# THE INPUT

==================================================

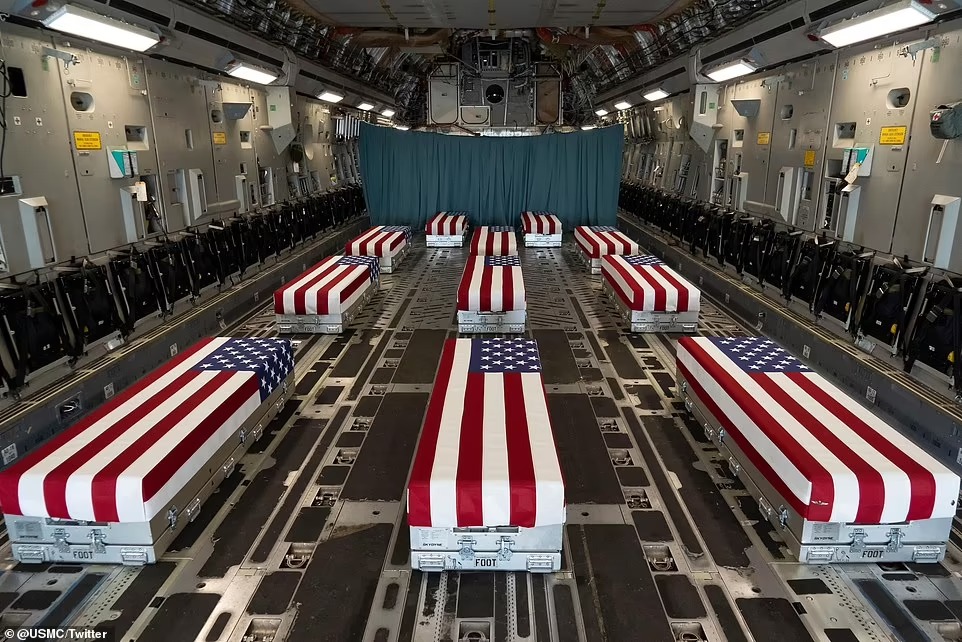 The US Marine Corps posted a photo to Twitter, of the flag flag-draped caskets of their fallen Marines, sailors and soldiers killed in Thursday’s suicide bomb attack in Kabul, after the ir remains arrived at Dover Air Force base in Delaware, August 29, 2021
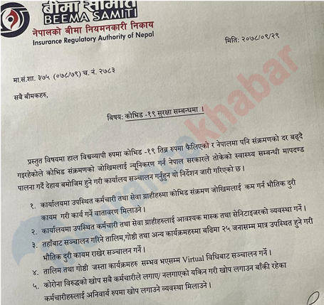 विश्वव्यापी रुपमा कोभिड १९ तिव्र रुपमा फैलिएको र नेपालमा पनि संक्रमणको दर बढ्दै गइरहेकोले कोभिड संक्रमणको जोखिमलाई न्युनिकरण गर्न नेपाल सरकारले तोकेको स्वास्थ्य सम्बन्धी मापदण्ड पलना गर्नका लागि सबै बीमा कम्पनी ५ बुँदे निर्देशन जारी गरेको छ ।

==================================================

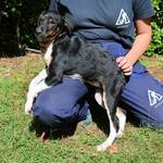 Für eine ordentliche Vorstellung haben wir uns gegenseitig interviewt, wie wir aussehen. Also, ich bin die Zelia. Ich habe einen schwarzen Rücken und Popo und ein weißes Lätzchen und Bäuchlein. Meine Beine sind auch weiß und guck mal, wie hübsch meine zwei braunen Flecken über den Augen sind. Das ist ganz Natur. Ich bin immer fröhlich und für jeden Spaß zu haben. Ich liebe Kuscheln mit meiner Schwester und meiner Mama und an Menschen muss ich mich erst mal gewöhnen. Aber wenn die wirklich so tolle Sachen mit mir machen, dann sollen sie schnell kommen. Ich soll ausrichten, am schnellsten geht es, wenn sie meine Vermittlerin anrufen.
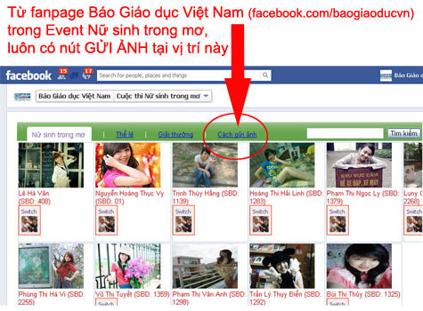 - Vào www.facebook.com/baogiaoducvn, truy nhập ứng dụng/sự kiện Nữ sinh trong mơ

==================================================

# YOUR GOAL
From the records above, copy only the lines running from the line containing "The US Marine" to the line containing "विश्वव्यापी रुपमा कोभिड", both ends included. Leave the pictures out.

# SOLUTION BELOW
 The US Marine Corps posted a photo to Twitter, of the flag flag-draped caskets of their fallen Marines, sailors and soldiers killed in Thursday’s suicide bomb attack in Kabul, after the ir remains arrived at Dover Air Force base in Delaware, August 29, 2021
 विश्वव्यापी रुपमा कोभिड १९ तिव्र रुपमा फैलिएको र नेपालमा पनि संक्रमणको दर बढ्दै गइरहेकोले कोभिड संक्रमणको जोखिमलाई न्युनिकरण गर्न नेपाल सरकारले तोकेको स्वास्थ्य सम्बन्धी मापदण्ड पलना गर्नका लागि सबै बीमा कम्पनी ५ बुँदे निर्देशन जारी गरेको छ ।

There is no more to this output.